DeepSeek R1 and Goodhart’s law

I am impressed by the huge cost advantage of DeepSeek’s R1. DeepSeek R1 is about 30x cheaper than OpenAI’s o1 for both input and output tokens:

DeepSeek’s API costs $0.55 per million input tokens, $0.14 for cached inputs, and $2.19 per million output tokens.
OpenAI’s o1 costs $15 per million input tokens, $7.50 for cached inputs, and $60 per million output tokens.

This is despite the fact that DeepSeek R1 performs on par if not better than OpenAI o1 on most benchmarks. What gives me pause is the obsession with benchmarks. This obsession seems to make training and fine-tuning these models even more complex, but is it for the right reason?

For example, DeepSeek R1 appears to use a synthetic dataset of thousands of long-form CoT examples generated by prompting its own base model, whose responses were then reviewed and refined by human annotators, added to its own base model’s responses to reasoning prompts, and multiple layers of RL rounds that follow.

How about reverse causation?

As long as the model works and performs well on the benchmarks, we don’t seem to care about the complexity at this point, but I am increasingly curious about the future use of these models. By losing any kind of directionality in the way data and assumptions flow, reverse causation runs rampant.

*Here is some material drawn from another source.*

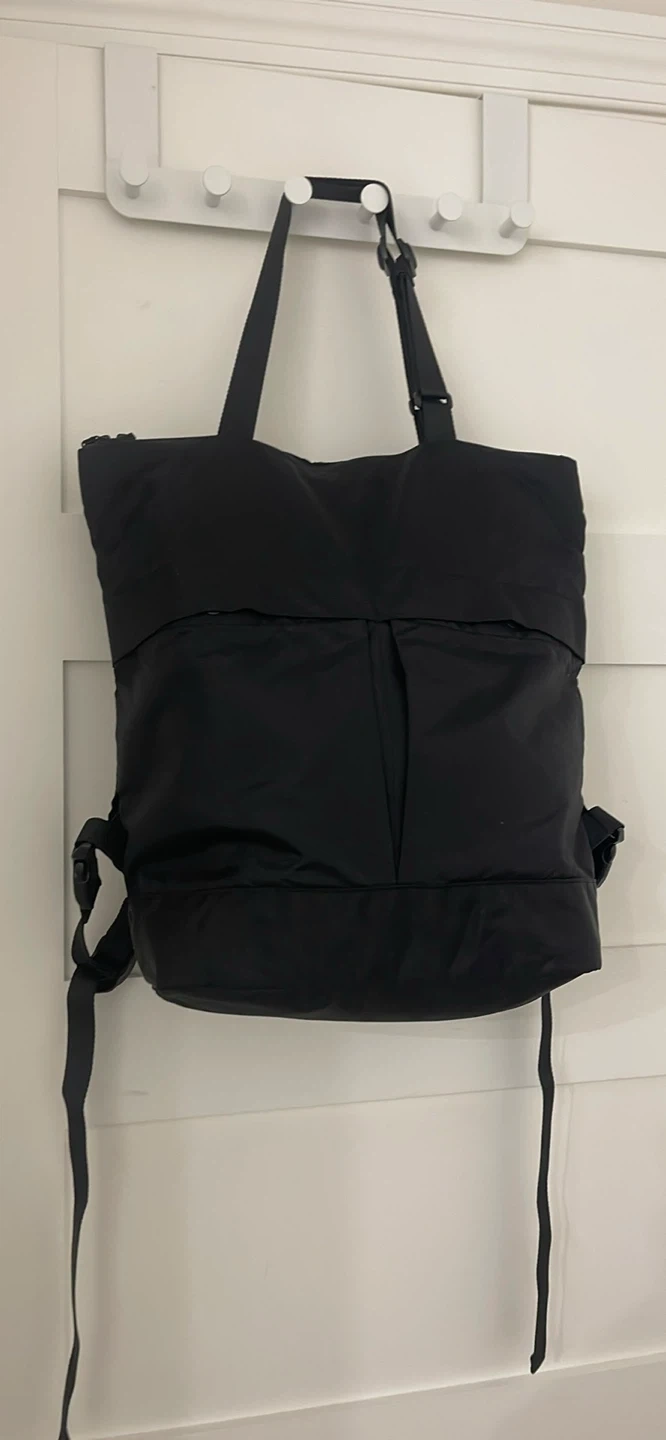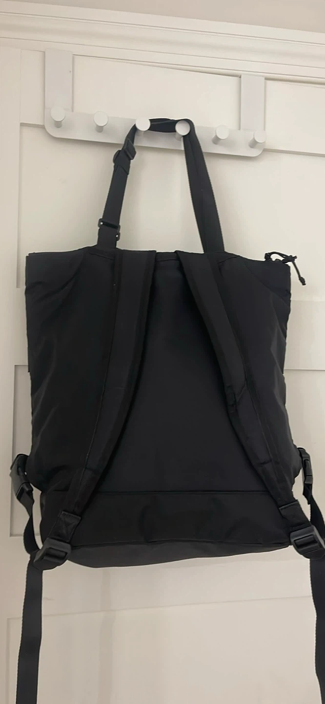 Selling a black uniqlo tote backpack! It's in great condition and ready for a new owner. Perfect for carrying your essentials around town or to the gym

Will there be a pause to try to simplify at some point?

In the business process reengineering work of the 1990s, the key challenge was to obliterate non-value-added work rather than automate it with technology. So far, each new version of an LLM seems to be obliterating for the sake of doing better on the benchmarks, which brings me to Goodhart’s Law:

“When a measure becomes a target, it ceases to be a good measure.”